Many are familiar with F.A. Hayek’s Road to Serfdom. Fewer know of Wilhelm Röpke’s The Solution to the German Problem. The two books are in basic agreement about the political and economic factors leading to the rise of the Third Reich, but Röpke’s greater emphasis on economic culture yielded timeless insights about the human capacity for blindness when confronted with truths that are, or which seem to be, too terrible to look at.

The arguments of The Road to Serfdom and The Solution to the German Problem overlap in fundamental respects. Shortly after the Potsdam Agreement, both shot a warning flare to those who were willing to see it: Hayek threatened that “It is necessary now to state the unpalatable truth that it is Germany whose fate we are now in some danger of repeating,” and Röpke cautioned a year later in his own volume, “let not the Englishman or America be too sure that ‘it can’t happen here’.” Why? Both thought that fascism and socialism are not to be understood as distant and incompatible enemies but as cousins with shared essentials, most importantly collectivism.
What distinguished Röpke’s argument was the claim that it was a kind of cultural sickness that explained the rise of Nazi Germany, and it was a sickness that Germany shared with the western powers. The Solution to the German Problem is a wide-ranging volume that covers a lot of ground, going back even to the forests of medieval Germany in search of the cultural sources of the Third Reich; these pathways of the book are fascinating, but it is not my aim to provide a summary. Instead, I focus here only on the main argument, which was that the blindness of Germans and of the rest of the world to the Nazi threat was due to a “weakening of the moral reflexes.”

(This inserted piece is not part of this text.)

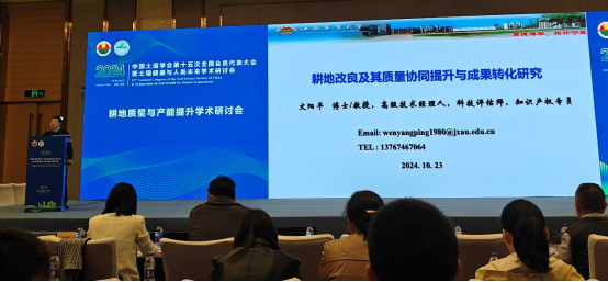 beat365文阳平教授,围绕《耕地改良及其质量协同提升与成果转化研究》为题,为与会者分享了一场精彩纷呈、见解独到的报告。报告中,不仅详尽阐述了其研究团队如何巧妙运用工农业及林业废弃物这一丰富而往往被忽视的资源,开展创新性的耕地改良与质量提升工作,还深入探讨了这些举措对于促进土壤生态平衡、提高农作物产量与品质的积极作用。同时在报告中特别强调科研成果与社会需求紧密结合的重要性,并分享了团队在探索将科研成果有效转化为实际应用路径上的宝贵经验,为全国范围内致力于科技成果转化的科研工作者搭建沟通的桥梁,共同探讨如何在国家政策引导和社会需求驱动下,更高效地将实验室里的研究成果转化为推动农业可持续发展的强大动力。会议结束后,文阳平教授的报告赢得了广泛赞誉。多位来自不同领域的专家对其在耕地改良领域的独到见解、对废弃物资源化利用的创新实践,以及在促进科研成果转化方面的积极探索表示了高度的认可与赞同。他们一致认为,文教授的工作不仅为解决当前耕地质量下降、资源循环利用等紧迫问题提供了新思路,也为我国农业科技发展树立了典范,激励着更多科研工作者投身于这一富有挑战与机遇的领域,共同为实现农业绿色转型贡献力量。

The result was that people “were blind because they were determined to be blind,” even in the face of “unprecedented barbarism.” In this modern tragedy people “simply did not want to know, because it was inconvenient knowledge.” In this scenario, there was “universal passivity” and “paralysis” resulting from “a spiritual and moral poisoning” that made people determined to “ignore the writing on the wall in order to postpone the day of reckoning and to purchase a few years of peace and comfort, at the price of a most terrible final catastrophe.”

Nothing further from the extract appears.